The scene: a small sidewalk construction zone near my home in Cambridge, Massachusetts. The foreman, Arnie, had waved me on, but I stopped to ask questions. Hadn't they just redone this sidewalk in the fall? Why were they re-redoing it now? Were Cambridge tax dollars paying for this?
"No, the contractor's paying," Arnie replied. "But you know what Cambridge should be paying for? Running all the bums out of here. They're everywhere!"
I have spent a little time with the kind of people this man was referring to, so the conversation had now taken on a new dynamic. This happens to me a lot: someone speaks to me out of what seems like a desire to engage, but what they say feels like I've been slapped in the face.
What do you say when someone slaps you in the face by accident?
A direct rebuttal ("You don't even know any of these 'bums'. Who are you to judge?") will slam down a wall between us, cutting off any possibility of a shift occurring on either side of the conversation. Pretending to agree with him or remaining silent will leave me humiliated, him reassured that I share his views.
So many times I have not responded. This time, for the first time, I responded.
"Well actually, I'm a bum myself. I'm on welfare." Arnie's crew continued moving equipment and shouting busily behind him, but he stopped still, a quizzical look crossing his face.
"But...what?

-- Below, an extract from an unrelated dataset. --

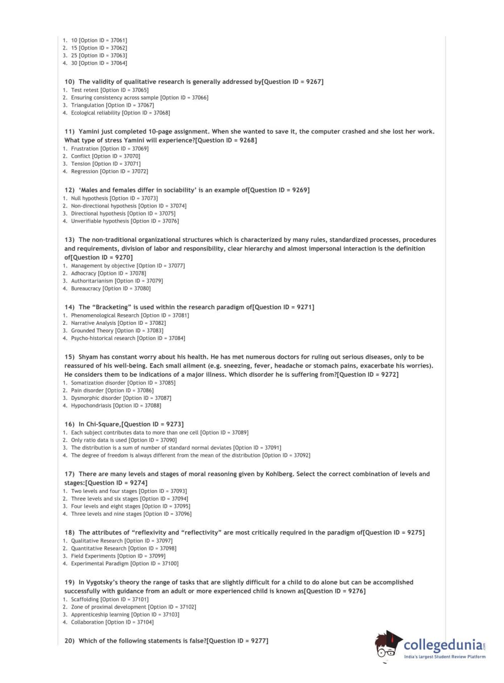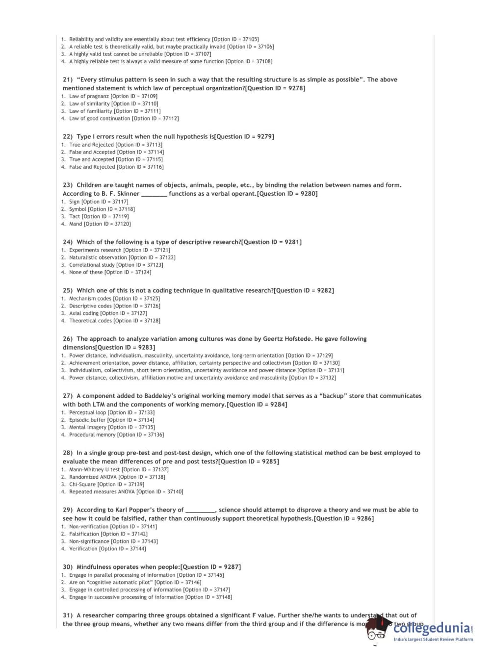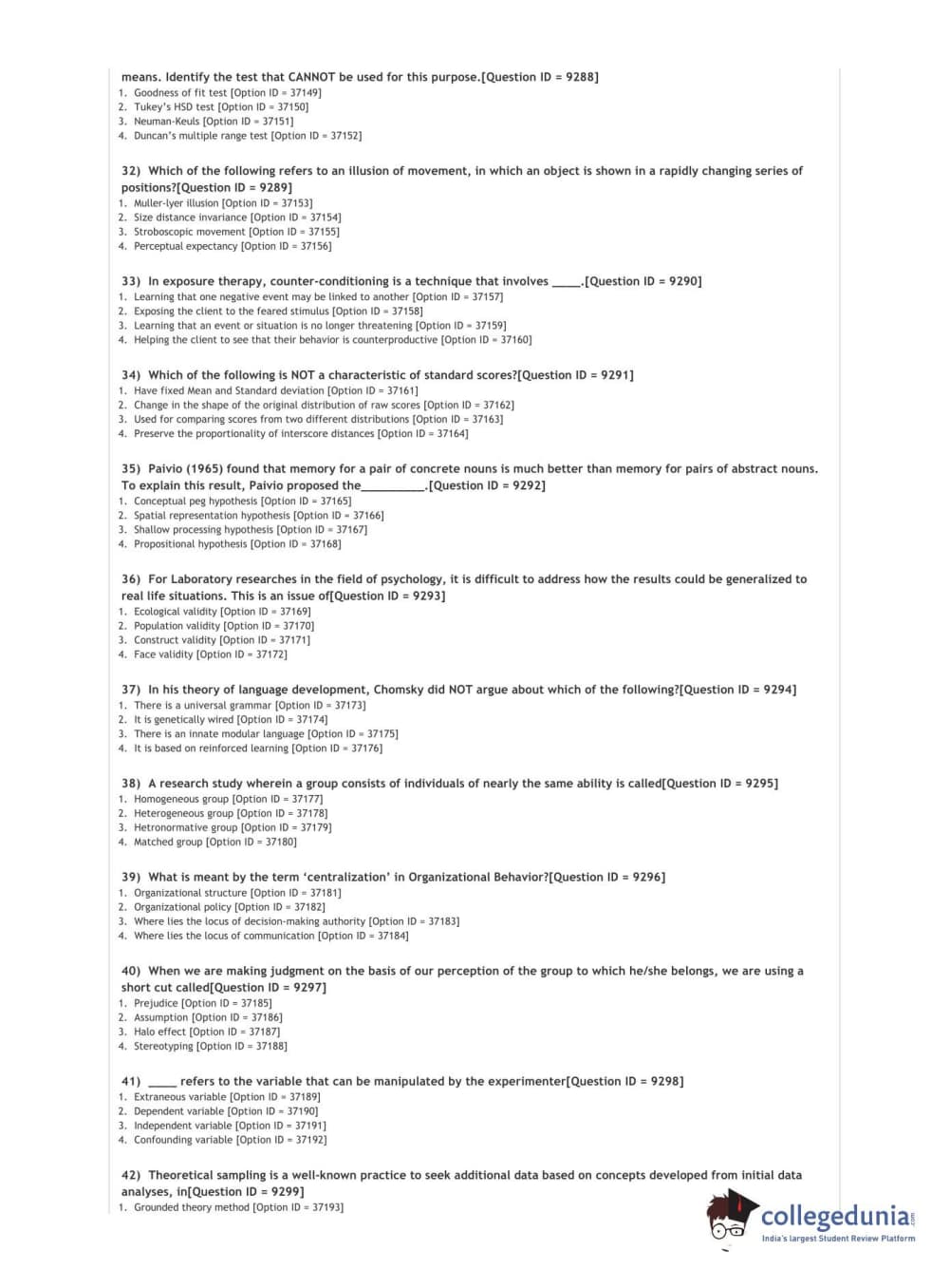 DUET 2021 DU PhD in Psychology Question paper with answer key pdf conducted on September 30, 2021 in Shift 3 is available for download. The exam was successfully organized by National Testing Agency (NTA). The question paper comprised a total of 50 questions.

You seem like a nice enough guy. You...you seem educated!"
"Yes, but I'm also on welfare."
I continued: my life, the way I live, is possible due to welfare. I don't receive checks from the government, but my college degree, my lack of debt, my experiences traveling abroad, my home, my family, and my current unpaid employment are all possible thanks to money that was doled out to me by someone else. That's welfare.

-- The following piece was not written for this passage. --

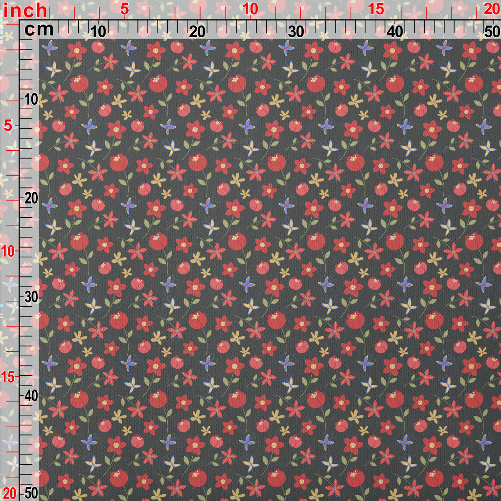 Bright Red Flowers Jersey Backed Fleece

This could sound unappreciative of my family, so let me take this chance to say: I'm proud of the work ethic of my mother, my father, and my grandfather--the people who have allowed me the freedom to do what I'm doing. They have always been dedicated to achievement through hard work. That dedication has generated enough financial security to allow me to do things that not everyone is able to do. Mom, Dad, Poppy--thank you.
Here's my point: the genuine hard work of my grandfather was also federally-fertilized. The tubing business that my he ran was subsidized, just like all American industry is in some way, by the government. Public investment in education helped to prepare his employees. Public investment in infrastructure provided his company with systems for transportation, water, sewage, and electricity. Public investment in the war effort opened up a vast market for tubing. Public investment in an intellectual copyright system and the judicial system to defend those rights ensured that his company's technology was safe.

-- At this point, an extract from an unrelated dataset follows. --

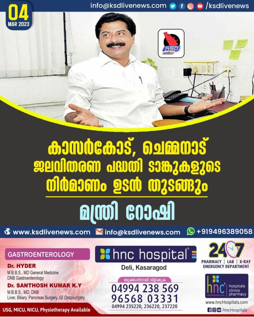 കാസർകോട്, ചെമ്മനാട് ജലവിതരണ പദ്ധതി ടാങ്കുകളുടെ നിർമാണം ഉടൻ തുടങ്ങും: മന്ത്രി റോഷി

So when I hear someone talking with disgust about people who receive public assistance, well, that person is talking about me, too. And themselves. And everyone in this country who's been able to build themselves and their families a financially-prosperous life.
* * *
I am trying to learn how to speak. Not to argue, or to convince, or to intimidate...but to speak a truth that dignifies myself, the person in front of me, and everyone else as humans worthy of consideration. It's only step one, but it is step one.
This is something I can do with my class privilege: publicly embrace what society would reassure me and itself that I am not--a welfare bum. Is it ridiculous to call myself that? Probably. Then I must ask myself: is it not then ridiculous to assign anyone that label?